Support multimodal custom tool outputs (#12948)

## Summary

This changes `custom_tool_call_output` to use the same output payload
shape as `function_call_output`, so freeform tools can return either
plain text or structured content items.

The main goal is to let `js_repl` return image content from nested
`view_image` calls in its own `custom_tool_call_output`, instead of
relying on a separate injected message.

## What changed

- Changed `custom_tool_call_output.output` from `string` to
`FunctionCallOutputPayload`
- Updated freeform tool plumbing to preserve structured output bodies
- Updated `js_repl` to aggregate nested tool content items and attach
them to the outer `js_repl` result
- Removed the old `js_repl` special case that injected `view_image`
results as a separate pending user image message
- Updated normalization/history/truncation paths to handle multimodal
`custom_tool_call_output`
- Regenerated app-server protocol schema artifacts

## Behavior

Direct `view_image` calls still return a `function_call_output` with
image content.

When `view_image` is called inside `js_repl`, the outer `js_repl`
`custom_tool_call_output` now carries:
- an `input_text` item if the JS produced text output
- one or more `input_image` items from nested tool results

So the nested image result now stays inside the `js_repl` tool output
instead of being injected as a separate message.

## Compatibility

This is intended to be backward-compatible for resumed conversations.
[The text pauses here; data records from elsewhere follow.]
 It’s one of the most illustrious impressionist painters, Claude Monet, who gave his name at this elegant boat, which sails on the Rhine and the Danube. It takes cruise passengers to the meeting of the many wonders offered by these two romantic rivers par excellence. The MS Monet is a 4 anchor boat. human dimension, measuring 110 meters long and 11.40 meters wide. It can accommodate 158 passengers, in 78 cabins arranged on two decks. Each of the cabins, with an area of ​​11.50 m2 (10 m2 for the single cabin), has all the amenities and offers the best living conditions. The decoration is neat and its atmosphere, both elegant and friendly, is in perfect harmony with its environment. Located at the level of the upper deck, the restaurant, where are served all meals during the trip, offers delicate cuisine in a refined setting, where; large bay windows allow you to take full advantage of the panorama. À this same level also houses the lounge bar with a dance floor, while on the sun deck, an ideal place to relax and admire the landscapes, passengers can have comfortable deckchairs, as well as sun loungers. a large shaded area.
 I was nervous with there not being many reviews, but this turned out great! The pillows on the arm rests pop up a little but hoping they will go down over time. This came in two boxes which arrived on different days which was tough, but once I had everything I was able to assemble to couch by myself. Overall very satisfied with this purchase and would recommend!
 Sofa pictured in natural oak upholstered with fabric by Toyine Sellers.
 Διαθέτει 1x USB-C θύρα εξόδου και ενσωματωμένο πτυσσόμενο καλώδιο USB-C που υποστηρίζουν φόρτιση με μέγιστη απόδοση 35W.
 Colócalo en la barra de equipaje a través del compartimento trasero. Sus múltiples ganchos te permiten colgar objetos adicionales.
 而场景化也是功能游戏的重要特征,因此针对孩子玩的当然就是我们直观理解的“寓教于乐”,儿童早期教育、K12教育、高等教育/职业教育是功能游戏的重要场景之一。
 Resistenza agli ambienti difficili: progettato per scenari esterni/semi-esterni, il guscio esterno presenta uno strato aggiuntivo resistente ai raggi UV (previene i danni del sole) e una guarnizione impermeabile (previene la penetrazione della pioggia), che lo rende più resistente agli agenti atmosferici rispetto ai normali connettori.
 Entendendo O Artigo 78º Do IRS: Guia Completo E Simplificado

Older histories that stored `custom_tool_call_output.output` as a plain
string still deserialize correctly, and older histories that used the
previous injected-image-message flow also continue to resume.

Added regression coverage for resuming a pre-change rollout containing:
- string-valued `custom_tool_call_output`
- legacy injected image message history


#### [git stack](https://github.com/magus/git-stack-cli)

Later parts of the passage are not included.